I’m not a scripture scholar and doubtless much has been written on the subject of the various healing miracles performed by Jesus that are recorded in the Gospels.
Today’s Gospel is one of those healing miracles – St. Mark’s account of Jesus healing a blind man. Jesus puts spittle on the man’s eyes and lays his hands on him, after which the man can “see people looking like trees and walking.” Jesus lays hands on him a second time and the man sees clearly.”
I read this and wonder, why the spittle? Why laying hands twice? Similarly, I’ve asked, why when Jesus heals the deaf mute does he stick his finger in his ear and place spittle on his tongue?
We know that Jesus can heal someone without touching him; later in Mark’s Gospel he will heal Bartimaeus without laying hands on him. Indeed, Jesus doesn’t even have to be in the same place as someone to heal him; he heals the centurian’s servant without going to the centaurian’s home.
So the answer to the question of why Jesus sometimes uses certain physical acts can’t be that they are necessary to accomplish the healing.

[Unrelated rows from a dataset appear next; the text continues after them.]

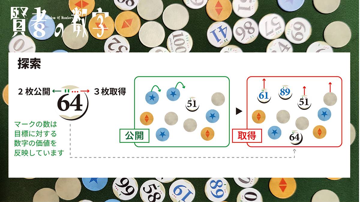 100枚の数字チップはウラ面が3種類あり、数字を推測できるようになっています。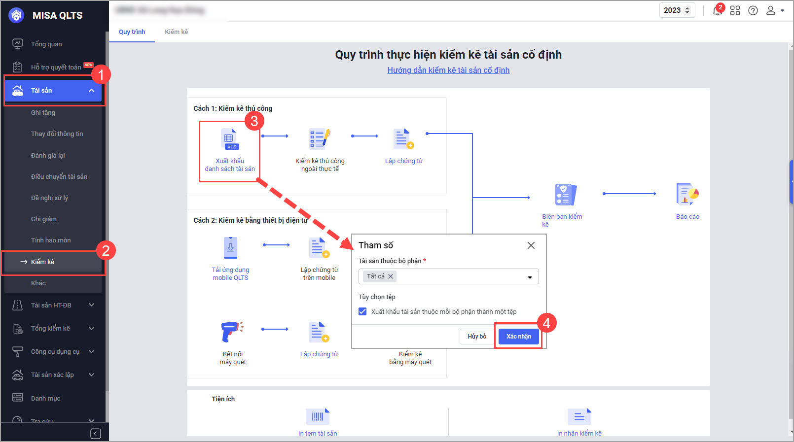 - Tài sản thuộc bộ phận: Chọn bộ phận cần kiểm kê tài sản.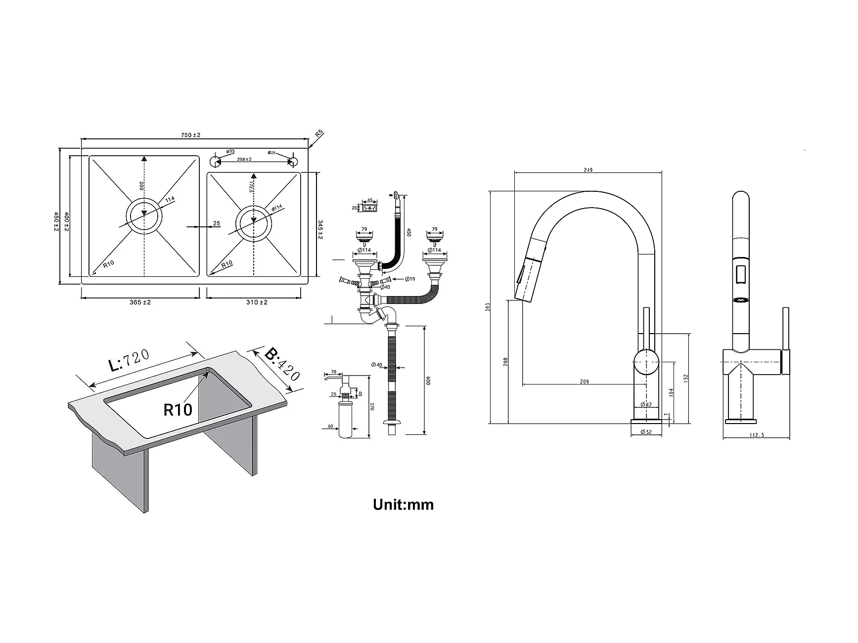 2 en 1 Évier de Cuisine 2 Bac 75x45x19cm,Encastré/ à Poser avec Distributeur de Savon+robinet de cuisine rétractable à deux fonctions, Noir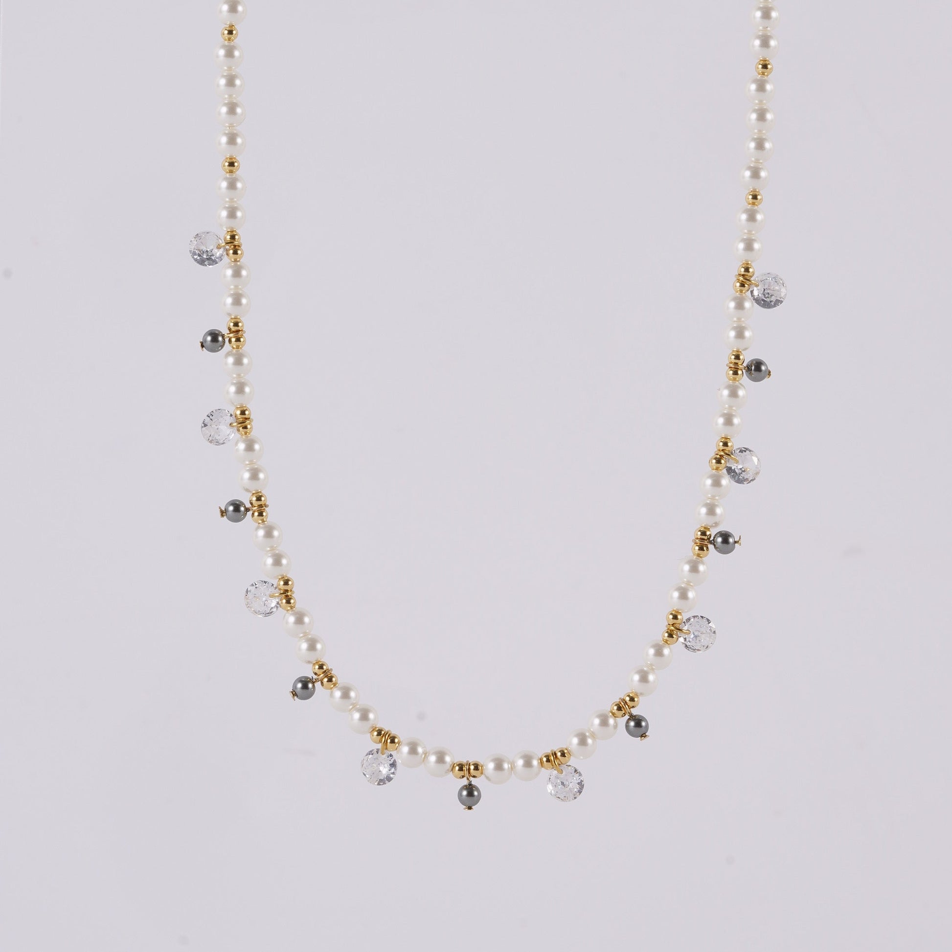 Un gioiello delicato e luminoso, perfetto per chi ama l’eleganza senza tempo. Questa collana presenta una raffinata fila di piccole perle bianche, arricchita da luminosi zirconi incastonati che aggiungono un tocco di brillantezza e raffinatezza. Il design sottile e armonioso la rende ideale sia per un look quotidiano chic che per occasioni speciali.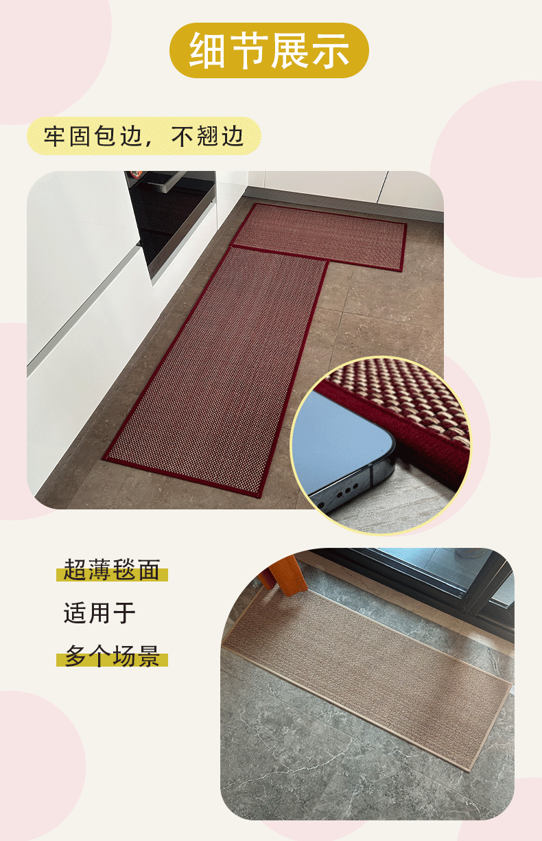 간단한 스타일 짠 질감 가장자리 공예 바닥 매트 입구 주방 물 흡수성 오일 흡수성 고무 바닥 미끄럼 방지 마모 방지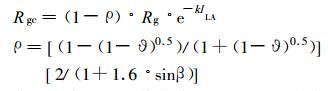 式 (14) 中, Rgc是作物生长状况下到达地面的辐射量, ρ为冠层反射率, Rg为到达作物冠层顶部的辐射量, 可认为与空温室中到达地面辐射量相同, k为作物消光系数, 取值为0.43, ILA为叶面积指数, 为单叶的散射系数, 取值为0.2, β为太阳高度角。

Perhaps a partial explanation is that the acts are for the benefit of the onlookers who view Jesus’ healings, to help them understand that it is not the method but the man. That is, using different methods makes it impossible for someone to say, “Ah, that’s the trick. It just takes some spit mixed with mud.” Instead, it is clear that it is Jesus. Sometimes he touches. Sometimes he simply speaks a few words. Sometimes he spits. The method changes; the constant is Jesus.
Maybe there are other explanations that are more sophisticated. But this is what I came up with as I reflected on the passage this morning.